その反応ににやりと笑いたくなるのを抑えてそ知らぬ顔をした。
「あー、グロスマン?それがどうしたの」
バクラはじっと腸を見つめ喋る。
「あれって人肉をソーセージみたいにしてたってことだよな?」
獏良もプリントに色々書き込みをしながら答える。
「そうでしょ、何、これ見て思い出した?」
「まぁそうだけどよ、あれって豚の腸に詰めたのか?それともちゃんと人間の腸に詰めたのか?」
今まですらすらと動いていたペンが止まり、ゆっくりとバクラを見た。
「盲点だね、そういえばどうなんだろう。・・でも豚じゃない?人間と豚じゃ食感とかも違いそうじゃん」
「そうか?でも豚も人間も内臓は比較的似てると思うぜ」
うーん、と二人で首を傾げる。
周囲が凍りついていることなどお構いなしに。
「あれ、城乃内君どうしたの?」
顔面蒼白で今にも倒れそうで正気を失いかけている城乃内に獏良は普通に話しかける。
「ば、獏良くん。

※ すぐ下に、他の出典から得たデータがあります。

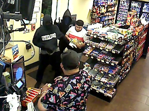 Two males entered the building of the rest area on the southbound side of the highway around 4:15 a.m. and displayed weapons. They were dressed in black hoodies and white gloves with their faces obscured. They left the area in a red couple-style Honda, State Police said.

今はそっとしておいてあげなよ」
御伽が獏良を引き付けているうちに本田は城乃内の口から抜けた魂を戻そうとしている。
杏子は耳を塞いでいて遊戯も笑顔のつもりだろうが顔が引きつっている。
『なんか僕まずいこと言った?』
気づいてないのかよ!!
・・・天然というかボケというか。
おそらく先ほどの会話も他意は全くないのだろう。(バクラは遊戯たちに嫌がらせのつもりだった)
この状況でのほほんとしている宿主は将来大物になるかもしれない、と思いつつ
バクラは眼を閉じて再び睡眠の体制に入った。
結局家に帰ってきたときに自然と元に戻った。
何でそうなったのかはわからないが、学校の授業も意外に面白かったと思いつつバクラは姿を消した。
「そんなに楽しかったんなら生物の授業の時だけ体使っていいよ」
・・・城乃内の魂が天に昇る日も近い。
遊戯の脳内会話
(うわー・・獏良くんの話怖いよ!!)
(何が?)
(だって人肉とか腸とかソーセージとか!)
(・・・・・・←いまいち理解できない)
(・・・もう一人の僕?)
(いや、まぁ確かに食べるのはよくないと思うぜ)
(何焦ってんの・・、人の内臓なんて気持ち悪くない?)
(いや、だって・・・・・・ほら)
(もう君までなんなのさ!!?酷いや!)
(あ、相棒―!!)
いや、ね?エジプトって地位の高い人は内臓綺麗に取り出して壷に入れるでしょ。
だからファラオさんはそういうグロい会話も結構平気だと思うんです。
逆にあそこまで怖がったり気持ち悪がったりする気持ちがわからない。
カルチャーショック?(時代がちょっと・・)
ちなみに遊戯くんは、確かに気持ち悪いとは思っていますが
最後の方はただ単にファラオをからかっているだけです。